The doctrine of estoppel is one of the most flexible and useful in the armoury of
the law. But it has become overloaded with cases. That is why I have not gone
through them all in this judgment. It has evolved during the last 150 years in a
sequence of separate developments: proprietary estoppel, estoppel by
representation of fact, estoppel by acquiescence, and promissory estoppel. At the
same time it has been sought to be limited by a series of maxims: estoppel is only
a rule of evidence, estoppel cannot give rise to a cause of action, estoppel cannot
do away with the need for consideration, and so forth. All these can now be seen
to merge into one general principle shorn of limitations. When the parties to a
transaction proceed on the basis of an underlying assumption - either of fact or
of law - whether due to misrepresentation or mistake makes no difference - on
which they have conducted the dealings between them - neither of them will be
allowed to go back on that assumption when it would be unfair or unjust to allow
him to do so. If one of them does seek to go back on it, the courts will give the
other such remedy as the equity of the case demands.
Baird Textile Holdings Ltd v Marks & Spencer plc 2001
B, who had supplied clothing to M&S for 30 years until M&S terminated the
arrangement without warning, appealed against a finding dismissing their
argument that there had been an implied contract requiring M&S to give
reasonable notice of termination. M&S cross appealed in respect of a finding that
the issue of whether they should be estopped from terminating the arrangement
without giving reasonable notice should proceed to trial.
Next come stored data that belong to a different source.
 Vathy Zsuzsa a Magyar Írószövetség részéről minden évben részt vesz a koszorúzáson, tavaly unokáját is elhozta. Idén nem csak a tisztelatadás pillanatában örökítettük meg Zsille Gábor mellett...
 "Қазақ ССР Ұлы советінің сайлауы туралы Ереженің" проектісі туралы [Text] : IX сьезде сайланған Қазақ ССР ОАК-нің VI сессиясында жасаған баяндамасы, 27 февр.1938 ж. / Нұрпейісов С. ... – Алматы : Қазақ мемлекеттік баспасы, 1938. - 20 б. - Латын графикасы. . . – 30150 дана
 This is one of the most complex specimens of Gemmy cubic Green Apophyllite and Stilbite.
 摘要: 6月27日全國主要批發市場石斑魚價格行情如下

The court held,
dismissing B's appeal and allowing M&S's cross appeal, that the alleged
obligation on the part of M&S to acquire clothing from B was insufficiently
certain to found either a contractual obligation or a claim based on estoppel.
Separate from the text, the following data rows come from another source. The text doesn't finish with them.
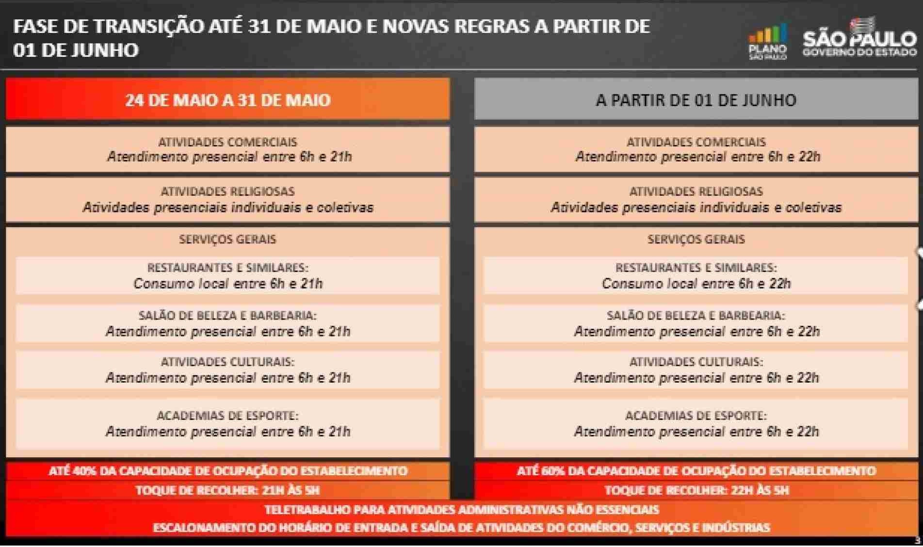 A partir de 24 de maio, a ocupação poderá subir de 30% para 40%. Doria chamou a mudança de uma "nova fase" da fase de transição. Com a mudança, o toque de recolher passará a valer entre as 22h e 5h, diariamente.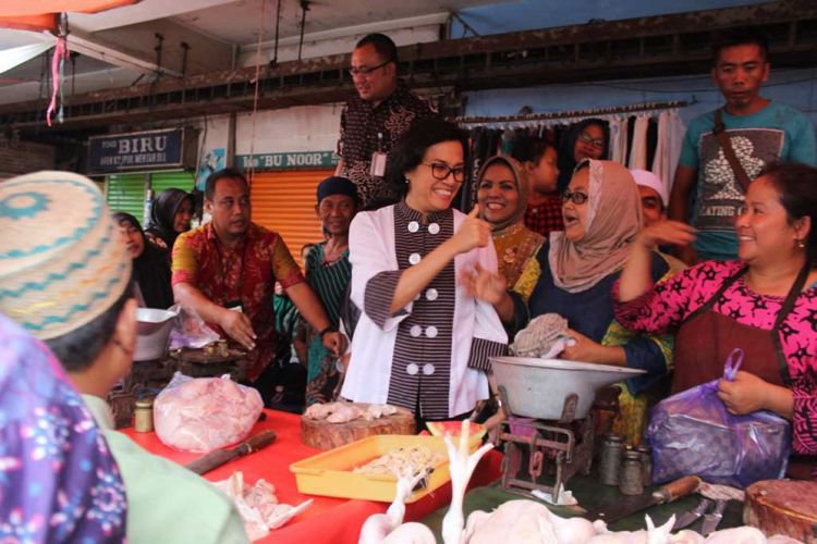 Mantan Presiden Bank Dunia itu berdialog dengan para penjual ayam potong dan sayur-sayuran. Bahkan, ia sempat menikmati es degan yang dibeli dari seorang penjual kaki lima. Sepanjang berjalan menuju lokasi, Menteri Sri menyapa para pedagang dan melayani berfoto selfie.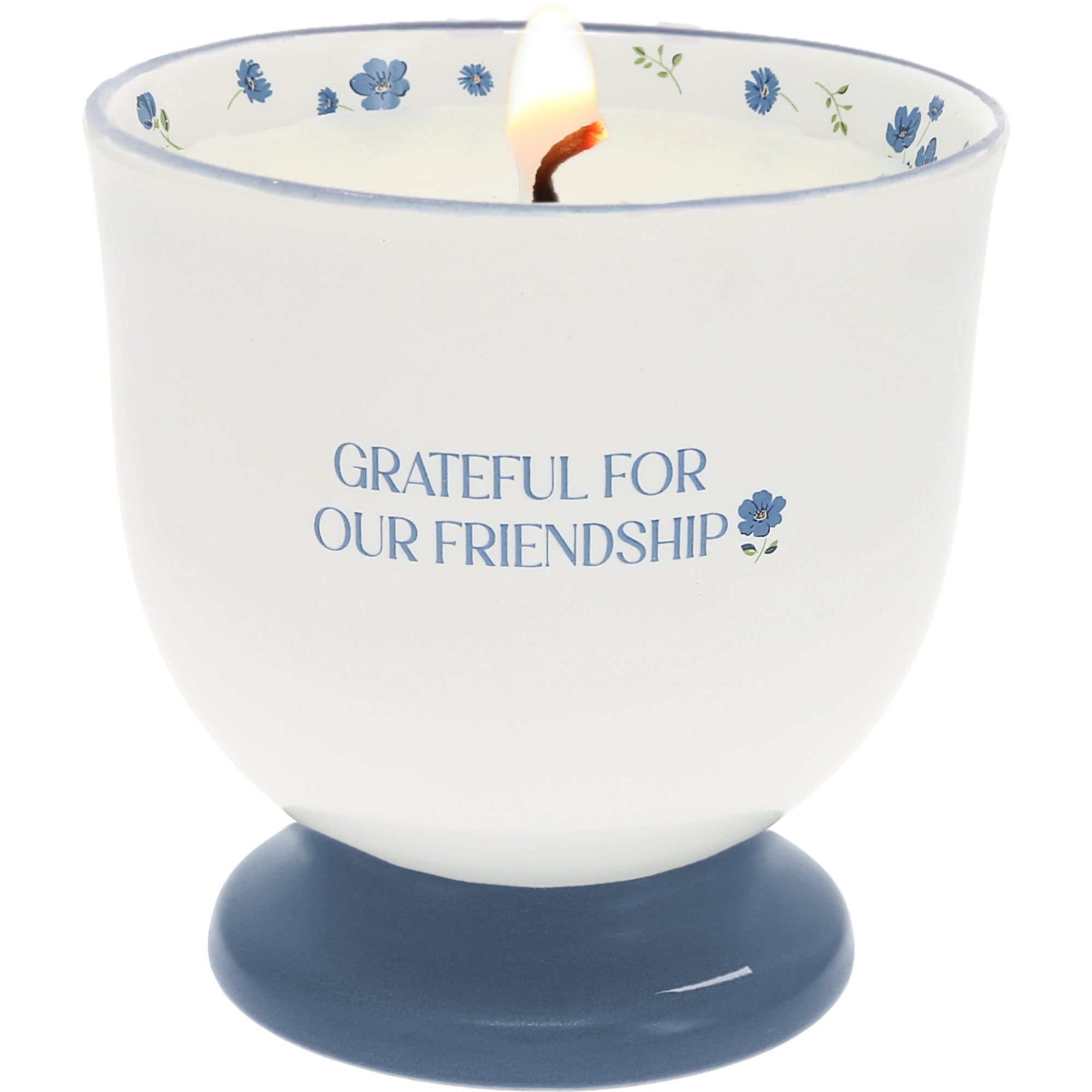 - PREMIUM QUALITY: A beautifully crafted 13 oz candle made from 100% soy wax and housed in a stoneware pedestal vessel with raised artwork reading “Grateful for Our Friendship.” Includes a wax-reveal interior with blue florals that appear as the candle burns.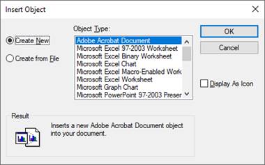 1. Choose Blocks > Extensions > OLEobject and click in the Embed work area.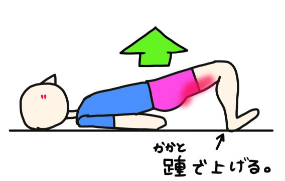 ヒップリフト、という名称で有名ですが、単にお尻を上げるのではなく、踵(かかと)を使ってお尻を上げましょう。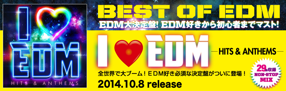 全世界で大ブーム! EDM好き必須な決定盤がついに登場! CD I LOVE EDM - Hits & Anthems - 発売日 2014.10.08 価 格 ¥2,035 (税込) 品 番 UICZ-1565 BUY NOW BUY NOW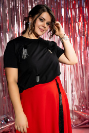 Женская современная из хлопкового премиального трикотажного полотна блузка, с пристёгивающим декором. Блузка с короткими рукавами, горловина с притачной бейкой.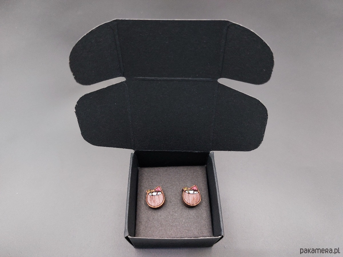 Kolczyki pakuję w kartonowe pudełeczko widoczne na zdjęciu.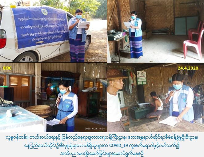 လူမှုဝန်ထမ်း၊ ကယ်ဆယ်ရေးနှင့် ပြန်လည်နေရာချထားရေးဝန်ကြီးဌာန၊ ဘေးအန္တရာယ်ဆိုင်ရာစီမံခန့်ခွဲမှုဦးစီးဌာန၊ ပြည်ထောင်စုနယ်မြေ၊ နေပြည်တော်တိုင်းဦးစီးမှူးရုံးမှ တာဝန်ရှိသူများသည် (၂၄-၄-၂၀၂၀) ရက်နေ့ နံနက် (၁၀:၀၀) အချိန်မှ ညနေ (၁၅:၃၀) အချိန်အထိ ပြည်သူများအား COVID-19 ရောဂါကူးစက်ပြန့်နှံ့မှုများ မဖြစ်ပွားစေရန် သိရှိလိုက်နာ ဆောင်ရွက်ရမည့်အချက်များနှင့် ပတ်သက်၍ အသိပညာပေးခြင်းကို ပျဉ်းမနား မြို့နယ်၊ ကျွန်းဦးကျေးရွာ၊ သစ်ဆိမ့်ပင်ကျေးရွာ၊ ကူးတို့ဆိပ်ကျေးရွာ၊ ဝဲကြီးကျေးရွာ၊ ကံဦး ကျေးရွာ၊ ဇီးရိုင်းကျေးရွာများအတွင်းရှိ ပြည်သူများသို့ ထိရောက်စွာ လိုက်လံအသိပေး ဆောင်ရွက်ခဲ့ပါကြောင်း သတင်းရရှိပါသည်။

Firmly rejects the view that under present English law promissory estoppel can be
used as a cause of action. Yet Mance LJ suggests that Walton Stores might have
been decided in the same way in England. Do you agree with his reasoning on this
point.
The court of appeal here accepted that different principles apply to different types
of estoppel. Do you agree with this approach?
Woodhouse AC Israel Cocoa Ltd SA v Nigerian Produce Marketing Co Ltd
1972
To found a promissory estoppel a representation had to be clear and unequivocal.
To found a promissory estoppel, a representation must be clear and unequivocal,
and if a representation is not so made, it matters not that the representee should
have misconstrued it and relied upon it. W were English cocoa buyers, and N.P.
were Nigerian sellers. Before 1967 the contract prices were stated in GBP
Nigerian, which were equal in value to GBP Sterling. In anticipation of
devaluation, W asked that payment might be made in Sterling, and N.P. agreed.
Later, devaluation having taken place, N.P. refused to release shipments until
payment was made in the amount of Sterling equivalent to the full contract value
in GBP Nigerian. W contended that they need only pay on the basis of GBP 1
Sterling for GBP 1 Nigerian.
Held, that the representation had not been sufficiently precise to found a
variation of the contracts, or an estoppel.